Actually I believe the Imperium is below what they had during the Golden Age, they actually destroyed a lot of things that where based on STC's during the crusade without realising it. Also I thought there was still a load of STC's out there to be found? Heck didn't Gaunt find one?


----------



## MEQinc (Dec 12, 2010)

Words_of_Truth said:


> Actually I believe the Imperium is below what they had during the Golden Age, they actually destroyed a lot of things that where based on STC's during the crusade without realising it. Also I thought there was still a load of STC's out there to be found? Heck didn't Gaunt find one?

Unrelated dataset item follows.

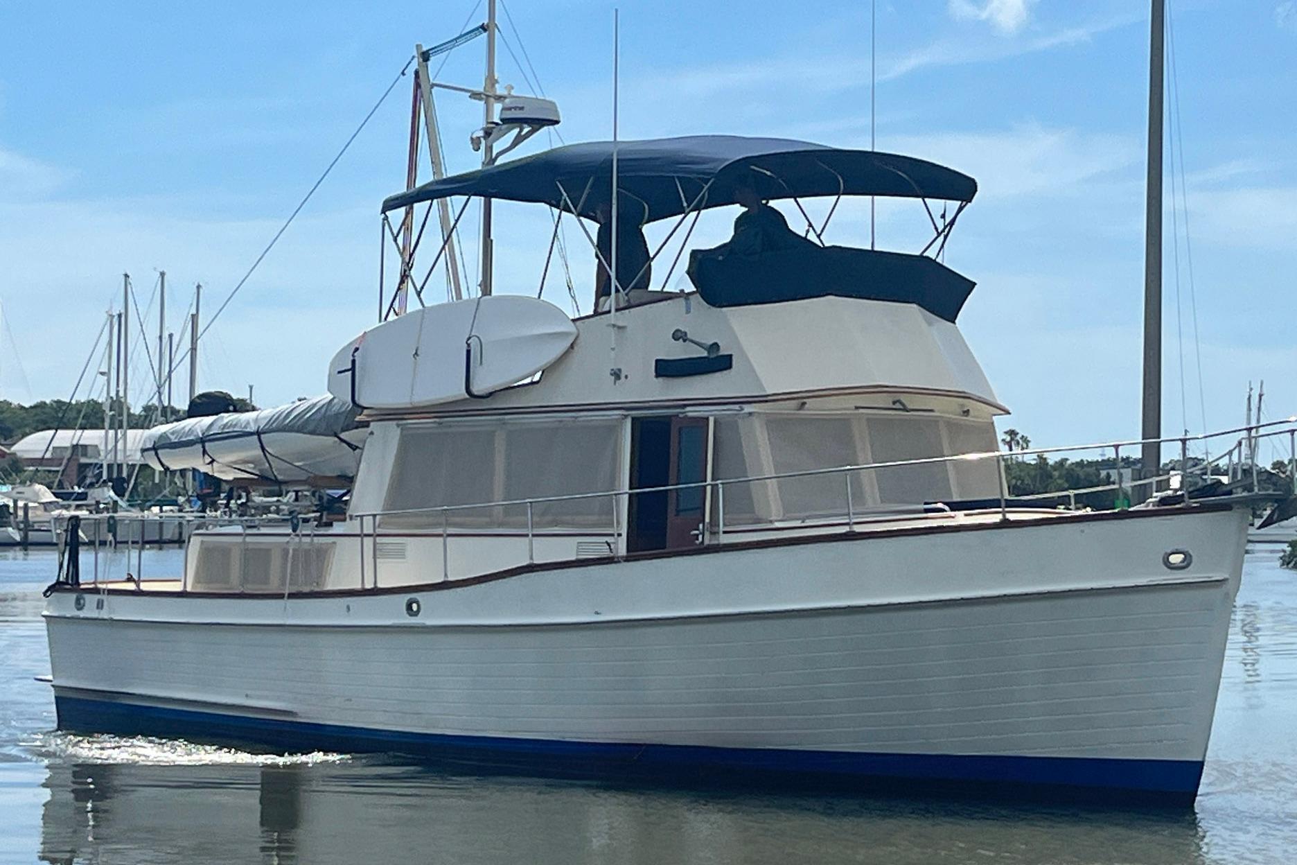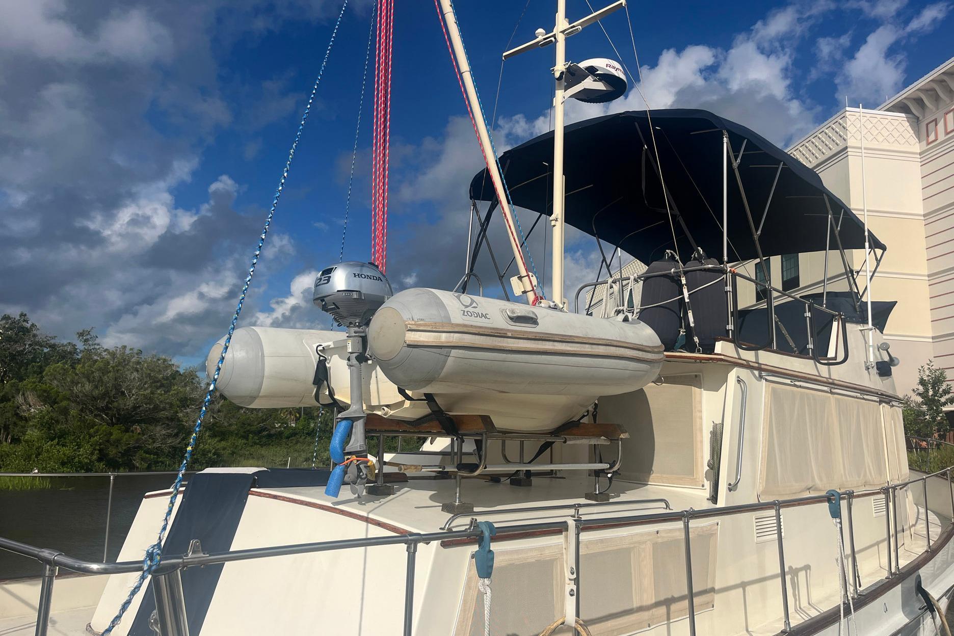 Chosen Sun is a clean, well-maintained Grand Banks 42 Classic trawler. She offers efficient fuel-sipping twin Ford Lehman 120 hp engines. The fold-down mast allows an attainable height of 16 ft. 2 in., which makes this grand lady an excellent option for America’s Great Loop as well as offshore or intercoastal cruising. She has a spacious interior, great storage, and the teak fit and finish one expects from a Grand Banks yacht of this vintage. With a two-stateroom and two-head layout, she suits both guests and cruising families.The sellers have cruised her on the ICW and off the coast of South Carolina, the Atlantic Coast of Florida and the Florida Keys. Chosen Sun was their first large boat, and they found her easy to handle.2020 ZODIAC 270 TENDER INCLUDED

I did say most. Plus, if you think about the way STC tech works there are doubtless hundreds of copies of each. So the idea that all of these copies have been destroyed (or not yet found) is pretty silly. Further we have tech now that did not exist during the Dark Age of Tech. Plasma weapons, variants on tanks, Space Marines, power armoud, etc. All are examples of tech that humanity did not have (or at least didn't have to current levels) pre-Great Crusade.


----------



## Dogbeard (Apr 15, 2011)

Why would you assume that humanity didn't have some sort of power armor or plasma technology during the Golden Age of Technology? It was likely considerably more advanced than that used by the Imperium in M41. More importantly, there was a broader knowledge and understanding of how the science and technology worked, which was lost during the Age of Strife and not fully (or even remotely) recovered by M41. The Mechanicus are a bit like the monks of the Dark Ages, preserving ancient knowledge and wisdom by rote without (for the most part) delving too deeply into the why and how of it.



Malus Darkblade said:


> Good post man, and I agree on the chaos powers 'always existing and never existing' bit.


Thanks.


----------



## Words_of_Truth (Sep 20, 2007)

They did have power armour, the Knightly Orders on Caliban used a form of Power armour before the crusade started.


----------



## Shandathe (May 2, 2010)

Plasma weapons also did exist - likely in a more stable version. The Dark Age of Technology was Mankind's pinnacle tech-wise. A LOT was lost during the Age of Strife. The Emperor's technology for the Great Crusades did not spring from a vacuum - he stabilized things techwise, temporarily halting further losses, though I don't think all that much progress was made. Mind you, the fact that progress was made at all is a testament to the Emperor's skill at pulling the human civilization back into shape.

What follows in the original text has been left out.